Gold bullion seems to be regaining its luster and again edged higher last week. “As sure as night follows day, the Federal Reserve’s purchase of bonds and home mortgages and the resulting rapid increase in bank reserves (quantitative easing in Fed-speak) – unless soon reversed – are underwriting a coming acceleration of inflation,” said gold specialist Jeffrey Nichols. “… by the time the broad financial markets register a worsening of inflation expectations gold will already have made a major move to the upside. It provides an early warning or leading indicator of inflation, signaling the coming acceleration long before financial markets begin to quiver.”
As to be expected, there is a strong relationship between the yellow metal (green line) and Treasury inflation-protected securities (red line).
The quote du jour relates to whether the fact that bank stocks have rallied and in some instances been able to raise private capital, augurs an end to the financial crisis. Barry Ritholtz, editor of The Big Picture blog and author of Bailout Nation, a newly published and must-read book, succinctly remarked: “You can’t drink yourself sober and you can’t leverage your way out of excess leverage.” Many big banks remain technically insolvent and “are only being held together by spit, bailing wire and tape,” said Ritholtz in an interview with Yahoo Finance, Tech Ticker.

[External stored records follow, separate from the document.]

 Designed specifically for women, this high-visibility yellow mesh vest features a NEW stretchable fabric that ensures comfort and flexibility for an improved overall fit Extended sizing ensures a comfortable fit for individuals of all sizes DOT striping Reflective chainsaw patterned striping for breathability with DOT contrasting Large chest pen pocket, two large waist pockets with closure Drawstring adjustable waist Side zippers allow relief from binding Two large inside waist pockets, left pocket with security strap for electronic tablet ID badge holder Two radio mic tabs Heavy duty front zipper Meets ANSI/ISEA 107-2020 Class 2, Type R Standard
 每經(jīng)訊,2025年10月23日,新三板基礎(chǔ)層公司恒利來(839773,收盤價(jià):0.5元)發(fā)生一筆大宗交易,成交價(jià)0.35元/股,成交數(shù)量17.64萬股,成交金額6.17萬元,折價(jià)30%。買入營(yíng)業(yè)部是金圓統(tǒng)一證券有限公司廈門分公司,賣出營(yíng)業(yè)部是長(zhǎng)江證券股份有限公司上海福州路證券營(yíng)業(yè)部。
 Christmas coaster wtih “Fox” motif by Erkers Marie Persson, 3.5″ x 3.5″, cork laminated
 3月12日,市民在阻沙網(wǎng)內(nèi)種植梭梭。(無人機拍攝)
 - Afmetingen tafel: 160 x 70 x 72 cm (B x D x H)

The banking system needs more time, at least three to five years, to deleverage before it can be left to its own devices, Ritholtz remarked, suggesting only time can heal the sector’s wounds.
In other news, the US Treasury announced that it would make $22 billion available to insurers from the Troubled Asset Relief Program (TARP), and the Obama administration sought new authority to bring transparency to the credit derivatives markets and also to crack down on the credit card industry.

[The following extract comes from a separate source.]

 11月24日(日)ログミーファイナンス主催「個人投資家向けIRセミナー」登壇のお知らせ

Next, a tag cloud of all the articles I read during the past week. This is a way of visualizing word frequencies at a glance. Key words such as “market”, “financial”, “prices”, “banks”, “government” and “economy” again featured prominently. For the rest, it is really a bit of everything.

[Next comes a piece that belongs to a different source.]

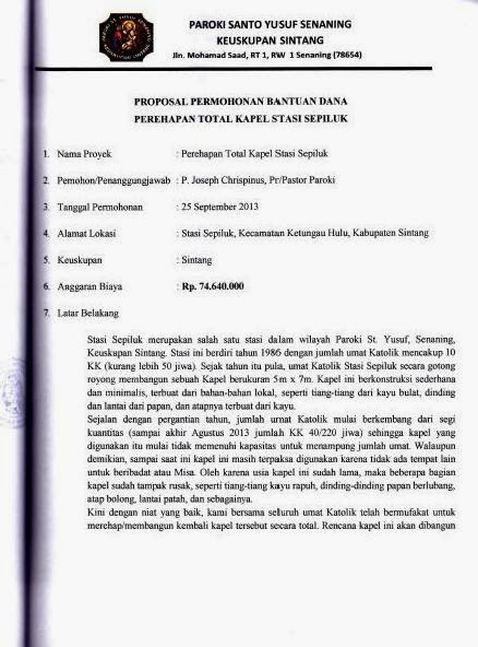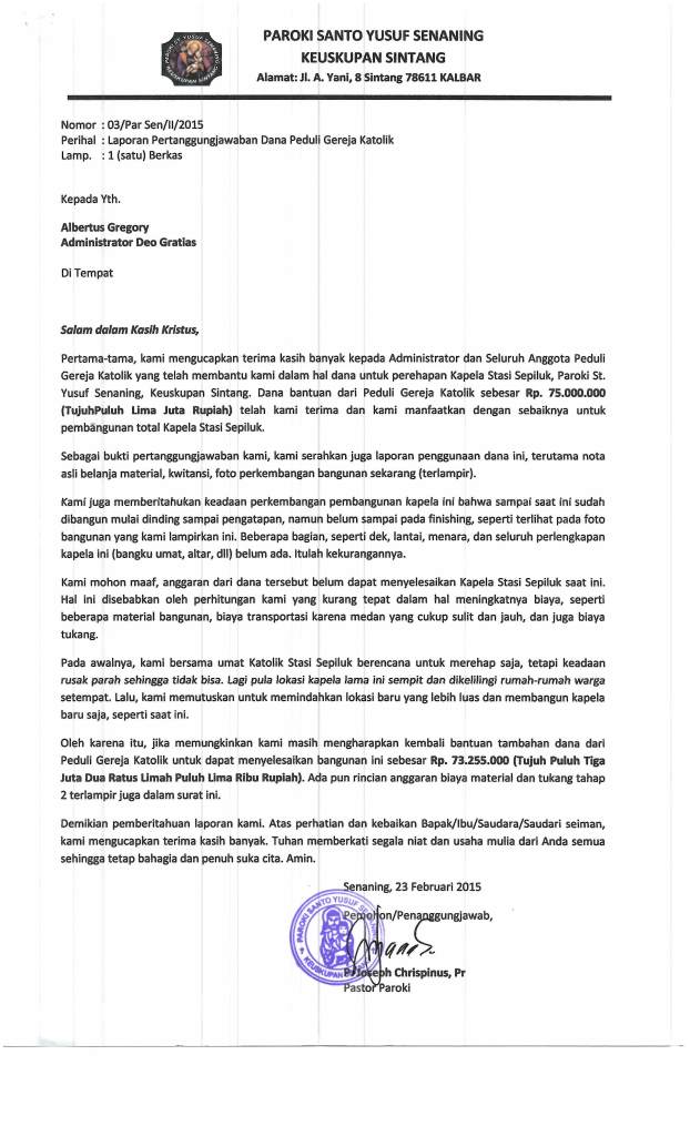 Surat Resmi Ucapan Terima Kasih Penerimaan Bantuan dari Paroki Senaning, Sintang |

Back to the stock market. An analysis of the moving averages of the major US indices shows the spring rally having encountered resistance at the important 200-day line and/or the early January highs. The highs of May 8 are the most immediate target to the upside, whereas the levels from where the rally commenced on March 9 should hold in order for base formations to remain in force.